- _Data for review_:
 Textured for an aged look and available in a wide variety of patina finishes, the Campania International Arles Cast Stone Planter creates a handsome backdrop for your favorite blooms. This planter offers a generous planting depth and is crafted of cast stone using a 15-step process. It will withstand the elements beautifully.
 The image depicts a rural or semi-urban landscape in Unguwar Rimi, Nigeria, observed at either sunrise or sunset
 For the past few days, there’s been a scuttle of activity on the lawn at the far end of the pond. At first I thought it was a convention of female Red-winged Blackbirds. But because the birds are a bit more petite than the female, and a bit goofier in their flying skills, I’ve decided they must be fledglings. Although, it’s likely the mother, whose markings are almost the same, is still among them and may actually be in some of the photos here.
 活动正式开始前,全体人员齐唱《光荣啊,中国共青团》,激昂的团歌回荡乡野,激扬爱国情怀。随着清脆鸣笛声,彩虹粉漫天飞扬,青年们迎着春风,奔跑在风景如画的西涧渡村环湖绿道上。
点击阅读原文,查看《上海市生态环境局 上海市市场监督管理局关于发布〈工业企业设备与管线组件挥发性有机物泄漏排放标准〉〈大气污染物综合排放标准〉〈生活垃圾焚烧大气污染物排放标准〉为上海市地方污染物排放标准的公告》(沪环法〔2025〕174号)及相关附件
--
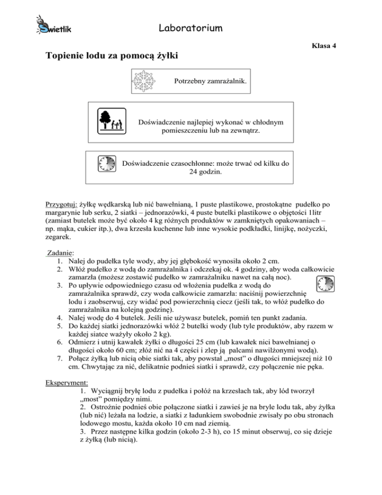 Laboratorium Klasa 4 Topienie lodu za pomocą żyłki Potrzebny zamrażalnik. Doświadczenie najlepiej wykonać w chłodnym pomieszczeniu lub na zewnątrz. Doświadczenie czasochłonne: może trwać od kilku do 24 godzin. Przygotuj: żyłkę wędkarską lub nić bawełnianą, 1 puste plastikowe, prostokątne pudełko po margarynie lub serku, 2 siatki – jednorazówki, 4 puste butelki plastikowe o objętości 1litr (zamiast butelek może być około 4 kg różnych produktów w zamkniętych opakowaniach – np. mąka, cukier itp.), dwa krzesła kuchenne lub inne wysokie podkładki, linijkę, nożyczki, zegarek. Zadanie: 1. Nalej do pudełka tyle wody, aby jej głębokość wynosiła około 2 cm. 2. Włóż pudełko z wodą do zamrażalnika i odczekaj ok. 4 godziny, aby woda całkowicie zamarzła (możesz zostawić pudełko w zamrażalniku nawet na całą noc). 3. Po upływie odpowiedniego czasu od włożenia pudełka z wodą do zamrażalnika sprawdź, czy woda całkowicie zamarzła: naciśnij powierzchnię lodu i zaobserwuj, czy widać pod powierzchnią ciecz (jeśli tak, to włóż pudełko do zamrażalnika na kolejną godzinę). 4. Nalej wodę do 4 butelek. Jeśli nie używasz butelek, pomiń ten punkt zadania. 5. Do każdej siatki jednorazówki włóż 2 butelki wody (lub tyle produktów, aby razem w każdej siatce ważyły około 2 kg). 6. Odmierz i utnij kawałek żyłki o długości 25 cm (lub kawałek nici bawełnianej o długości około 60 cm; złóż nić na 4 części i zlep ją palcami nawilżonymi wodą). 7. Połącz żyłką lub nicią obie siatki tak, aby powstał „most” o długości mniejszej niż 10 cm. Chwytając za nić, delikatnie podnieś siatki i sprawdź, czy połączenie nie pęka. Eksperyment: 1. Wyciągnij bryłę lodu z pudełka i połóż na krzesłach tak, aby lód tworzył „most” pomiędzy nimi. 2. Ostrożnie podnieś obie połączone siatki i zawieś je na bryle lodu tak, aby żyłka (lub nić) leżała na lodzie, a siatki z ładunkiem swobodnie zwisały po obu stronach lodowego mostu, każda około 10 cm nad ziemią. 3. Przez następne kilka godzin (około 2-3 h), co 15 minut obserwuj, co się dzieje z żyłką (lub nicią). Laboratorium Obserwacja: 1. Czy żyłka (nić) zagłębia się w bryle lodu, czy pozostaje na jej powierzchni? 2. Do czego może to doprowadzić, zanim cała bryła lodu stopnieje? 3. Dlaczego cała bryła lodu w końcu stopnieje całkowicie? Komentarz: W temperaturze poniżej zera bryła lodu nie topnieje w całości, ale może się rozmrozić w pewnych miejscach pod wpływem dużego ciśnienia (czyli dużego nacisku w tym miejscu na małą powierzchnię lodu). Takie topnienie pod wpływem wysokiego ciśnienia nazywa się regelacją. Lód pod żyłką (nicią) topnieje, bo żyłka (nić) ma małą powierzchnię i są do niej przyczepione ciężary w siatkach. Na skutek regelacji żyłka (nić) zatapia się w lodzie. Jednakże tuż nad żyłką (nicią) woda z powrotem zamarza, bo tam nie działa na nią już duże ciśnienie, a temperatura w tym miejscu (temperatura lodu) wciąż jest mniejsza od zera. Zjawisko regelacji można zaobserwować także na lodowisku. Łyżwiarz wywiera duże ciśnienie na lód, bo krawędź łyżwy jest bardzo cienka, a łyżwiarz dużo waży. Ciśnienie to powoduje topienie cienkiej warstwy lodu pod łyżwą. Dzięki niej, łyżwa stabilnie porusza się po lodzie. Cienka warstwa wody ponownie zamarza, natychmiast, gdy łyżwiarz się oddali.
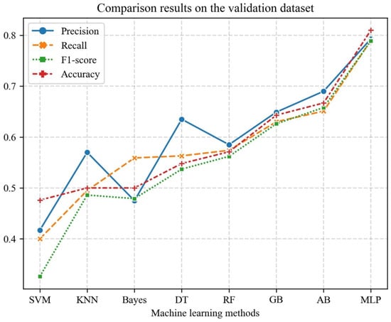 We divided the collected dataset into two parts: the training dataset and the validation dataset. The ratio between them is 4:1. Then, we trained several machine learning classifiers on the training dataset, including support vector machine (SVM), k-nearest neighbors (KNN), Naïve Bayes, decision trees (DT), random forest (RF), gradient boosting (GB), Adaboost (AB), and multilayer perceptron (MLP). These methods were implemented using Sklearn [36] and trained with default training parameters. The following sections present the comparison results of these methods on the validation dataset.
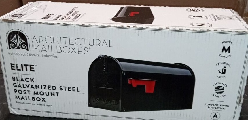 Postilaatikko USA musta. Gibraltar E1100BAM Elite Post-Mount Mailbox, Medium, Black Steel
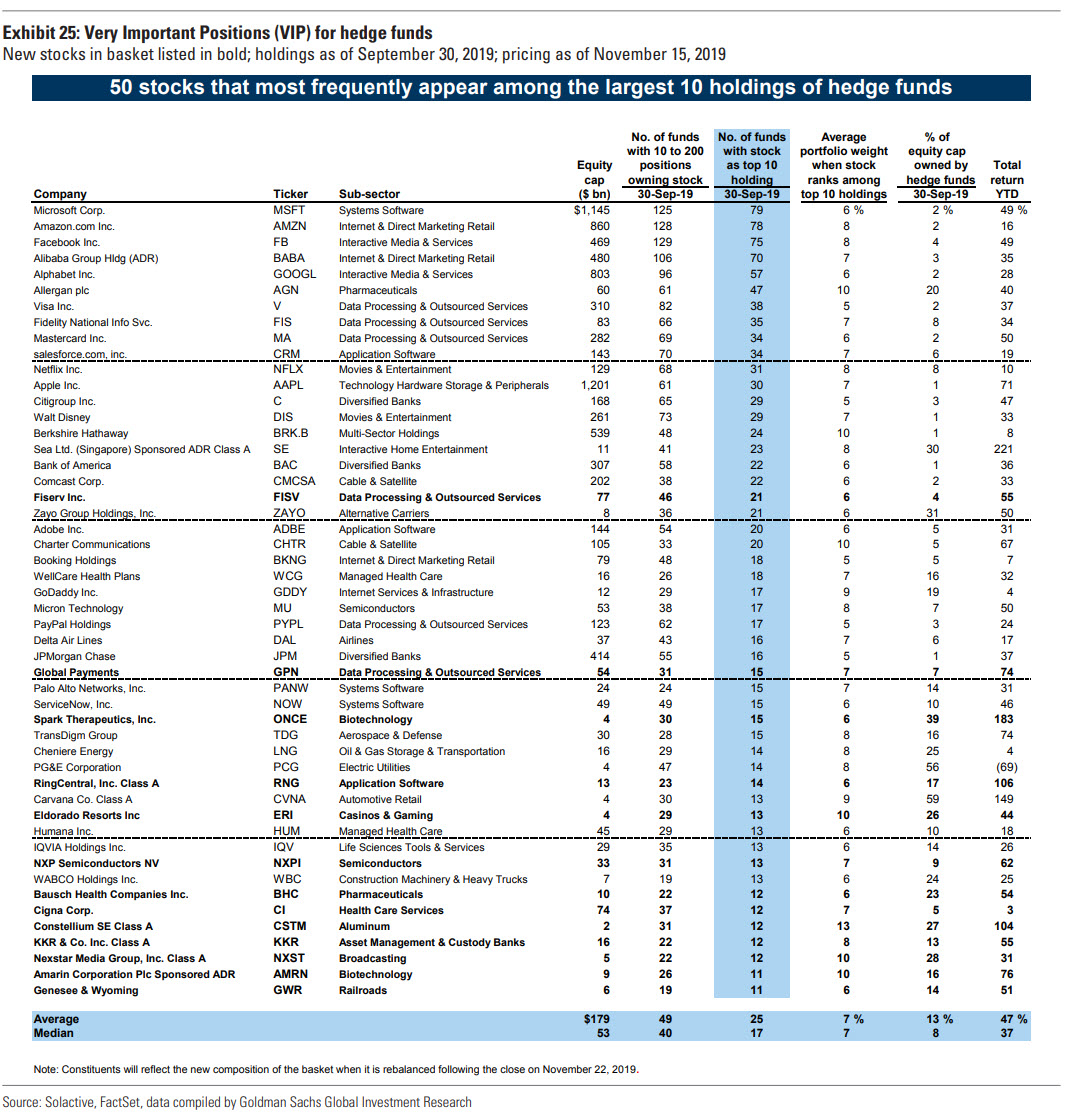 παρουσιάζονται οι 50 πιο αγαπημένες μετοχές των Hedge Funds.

- _What you are asked to do_: In the data above, start at the line holding "Postilaatikko USA musta." and stop after the line holding "παρουσιάζονται οι 50"; write out those lines exactly, without pictures.

- _Answer for this exercise_:
 Postilaatikko USA musta. Gibraltar E1100BAM Elite Post-Mount Mailbox, Medium, Black Steel
 παρουσιάζονται οι 50 πιο αγαπημένες μετοχές των Hedge Funds.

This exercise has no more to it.